**ASSIGNED TASK:** Start at the line with "étude cinétique de" in the records below, stop at the line with "4月26日,物理与电子科学学", and return every line in that span exactly, the two end lines included.

** Opening SOURCE DATA block **

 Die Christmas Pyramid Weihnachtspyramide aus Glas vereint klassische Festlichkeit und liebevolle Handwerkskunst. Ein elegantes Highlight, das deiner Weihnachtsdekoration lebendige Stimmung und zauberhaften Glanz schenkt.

** Closing SOURCE DATA block **
** Opening SOURCE DATA block **

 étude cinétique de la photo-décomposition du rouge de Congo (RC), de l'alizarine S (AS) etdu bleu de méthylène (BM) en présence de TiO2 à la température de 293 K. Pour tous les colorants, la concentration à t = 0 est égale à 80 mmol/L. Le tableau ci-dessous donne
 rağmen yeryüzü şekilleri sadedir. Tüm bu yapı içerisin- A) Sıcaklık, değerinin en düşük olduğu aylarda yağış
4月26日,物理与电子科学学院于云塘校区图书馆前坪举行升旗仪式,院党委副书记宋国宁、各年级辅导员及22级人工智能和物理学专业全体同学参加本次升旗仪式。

** Closing SOURCE DATA block **

**RESPONSE BELOW:**
 étude cinétique de la photo-décomposition du rouge de Congo (RC), de l'alizarine S (AS) etdu bleu de méthylène (BM) en présence de TiO2 à la température de 293 K. Pour tous les colorants, la concentration à t = 0 est égale à 80 mmol/L. Le tableau ci-dessous donne
 rağmen yeryüzü şekilleri sadedir. Tüm bu yapı içerisin- A) Sıcaklık, değerinin en düşük olduğu aylarda yağış
4月26日,物理与电子科学学院于云塘校区图书馆前坪举行升旗仪式,院党委副书记宋国宁、各年级辅导员及22级人工智能和物理学专业全体同学参加本次升旗仪式。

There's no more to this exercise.